The analysis of the “mean of transport” attribute shows that most of the samples have been annotated as pedestrians across all datasets, with the exception of TDC, which is a bicycle riders dataset. KITTI has \(\sim 20\%\) of bicycle riders and BDD100K, CityPersons and Eurocity have \(\sim 7\%\). nuImages has very few samples labelled as riders. Wheelchairs and personal mobility devices are extremely underrepresented with less than \(1\%\) of the samples across datasets.

Datasets are slightly biased towards with an average of \(~55\%\) of the samples for “male” and \(\sim 35\%\) for “female” for the “sex” attribute.

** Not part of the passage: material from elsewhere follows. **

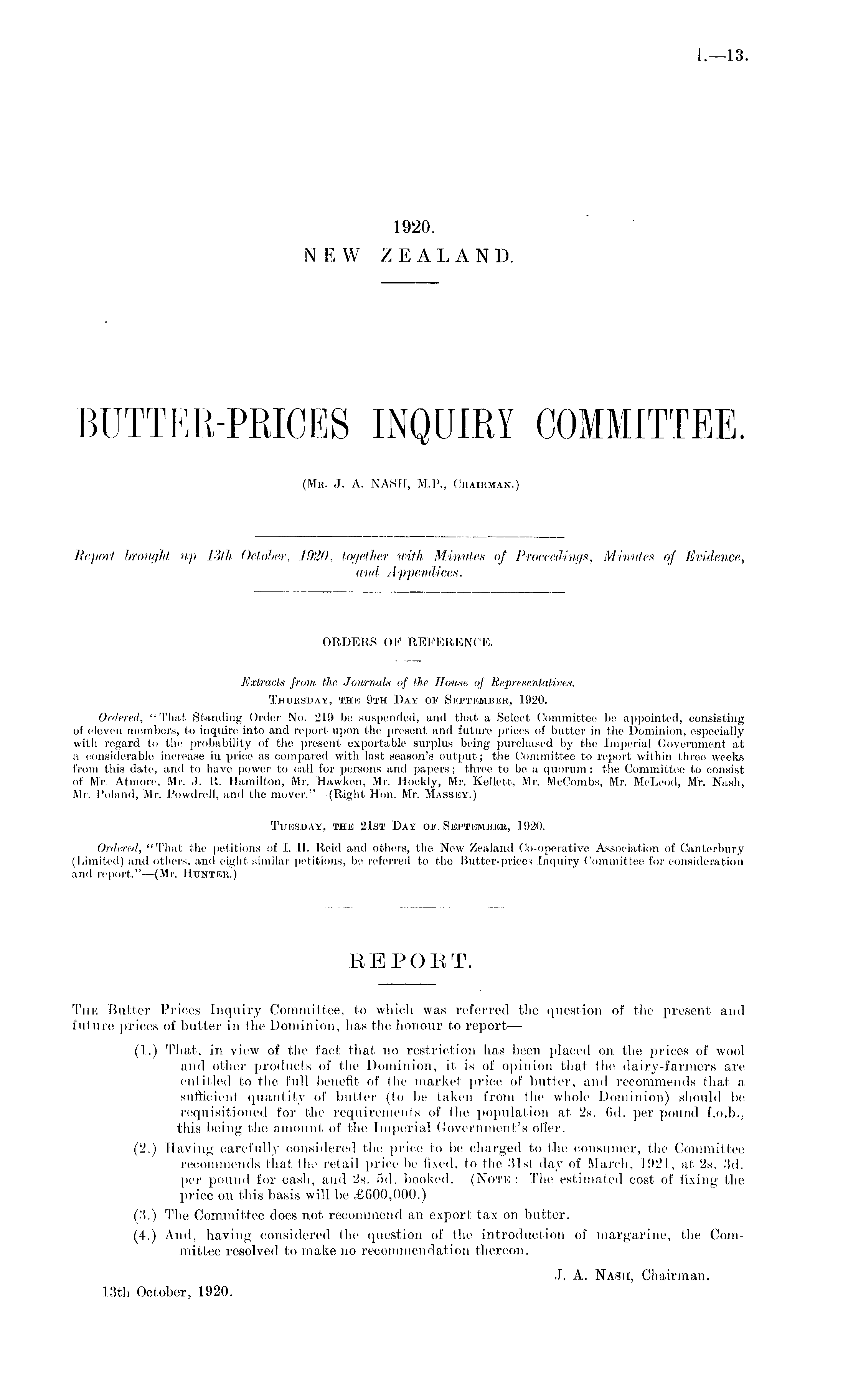 ORDERS OF REFERENCE. Extracts from, the Journals of the House of Representatives. Thursday, thk 9th Day of September, 1920. Ordered, " That Standing Order No. 219 be suspended, and that a Select Committee be appointed, consisting of eleven members, to inquire into and report upon the present and future prices of butter in the Dominion, especially with regard to the probability of the present exportable surplus being purchased by the Imperial Government at a considerable increase in price as compared with last season's output; the Committee to report within three weeks from this date, and to have power to call for persons and papers; three to be a quorum: the Committee to consist of Mr. Atmore, Mr. J. R. Hamilton, Mr. Hawken, Mr. Hockly, Mr. Kellett, Mr. McCombs, Mr. McLeod, Mr. Nash, Mr. Poland, Mr. Powdrell, and the mover."—(Right Hon. Mr. Massey.) Tuesday, the 21st Day' oe. Septkmher, 1920. Ordered, "That the petitions of I. H. Reld and others, the New Zealand Co-operative Association of Canterbury (Limited) and others, and eight similar petitions, be referred to the Butter-price< Inquiry Committee for consideration and report."—(Mr. Hunter.) EEPOET. Tim Butter Prices Inquiry Committee, to which was referred the question of the present and future prices of butter in the Dominion, lias the honour to report — (1.) That, in view of the fact that no restriction has been placed on the prices of wool and other products of the Dominion, it is of opinion that the dairy-farmers are entitled to the full benefit of I lie market price of butter, and recommends that a sufficient quantity of butter (to be taken from Hie whole Dominion) should be requisitioned for the requirements of the population at 2s. Gil. per pound f.0.b., this being the amount of the Imperial Government's offer. (2.) Having carefully considered the price to be charged to the consumer, the Committee recommends that the retail price be fixed, to the 31st, day of March, 1921, at 2s. 3d. per pound for cash, and 2s. Bd. booked. (Note : The estimated cost of fixing the price on this basis will be £600,000.) (3.) The Committee does not recommend an export tax on butter. (4.) And, having considered the question of tbe introduction of margarine, the Committee resolved to make no recommendation thereon. J. A. Nash, Chairman. 13th October, 1920.

But it is worth noticing that the uncertainty (“unknown” labels) is high and the datasets with the lower uncertainty have the higher bias between “male” and “female”. This might indicate that if there were not as many “unknown” samples in Eurocity and TDC the bias could be higher.

In general, there is an underrepresentation of the label “dark skin” in the “skin tone” attribute, with BDD100K and nuImages presenting a higher percentage (\(12\%\) and \(18\%\)) as both have been recorded at least partially on the USA. It is also noticeable the high “unknown” percentage in TDC (\(\sim 50\%\)) most probably due to being a riders dataset recorded during cold weather, and thus with riders wearing many clothes.

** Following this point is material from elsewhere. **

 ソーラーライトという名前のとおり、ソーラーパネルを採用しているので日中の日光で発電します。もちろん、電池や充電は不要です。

Moving to the vehicles datasets, most of the vehicles are cars (\(\sim 75\%\)) with higher presence of trucks in nuImages (\(\sim 10\%\)) and BDD100K (\(\sim 5\%\)) probably due to being recorded in the USA. Motorcycles have a low representation being a \(\sim 5\%\) in nuImages the higher percentage.

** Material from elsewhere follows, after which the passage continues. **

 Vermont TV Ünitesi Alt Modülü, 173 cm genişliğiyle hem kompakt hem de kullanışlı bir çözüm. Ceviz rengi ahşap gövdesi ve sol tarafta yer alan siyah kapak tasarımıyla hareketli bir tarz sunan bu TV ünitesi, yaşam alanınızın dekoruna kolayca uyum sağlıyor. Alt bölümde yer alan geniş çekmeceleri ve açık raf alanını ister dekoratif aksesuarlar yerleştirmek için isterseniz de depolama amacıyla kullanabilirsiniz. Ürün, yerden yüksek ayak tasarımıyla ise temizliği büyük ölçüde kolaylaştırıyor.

For the “car type” category there is a general prevalence of “large” car type, specially in BDD100K and nuImages. KITTI has a better balance between “large” and “medium”, “small”, but still large vehicles nearly doubles any other type.

The dominant labels for the “colour” attribute are black, grey, and white across the datasets. The remaining colours are also balanced, with a lower representation.

Conclusions

In this paper we presented a new set of annotations for subsets of some of the most commonly utilised visual datasets in the autonomous driving domain. To do so, we developed a specialised annotation tool that allowed multiple users to simultaneously annotate more than 90K individuals and 50K vehicles. In order to minimize common errors, biases, and discrepancies among annotators we measured different inter-agreement statistics and developed a methodology aimed at reducing the differences in annotation for different raters. The reported inter-annotator agreement was fair to excellent according to the computed Fleiss’ Kappa. Among the attributes with lowest agreement we can find gender and skin tone, probably due to the difficulty of establishing a solid criteria between the binary labelling (ie male–female) and the not clear cases. This is supported by the fact that the number of 4/1 disagreements is reduced drastically in these categories if we remove the “softer” labels such as “unclear”. We also presented a qualitative analysis of the disagreements that confirmed the above conclusions with most disagreements coming from a difficulty on establishing the limits between labels (normally in 3/2, 3/1/1, 2/2/1) and from plain errors in the annotation (most of them to 4/1).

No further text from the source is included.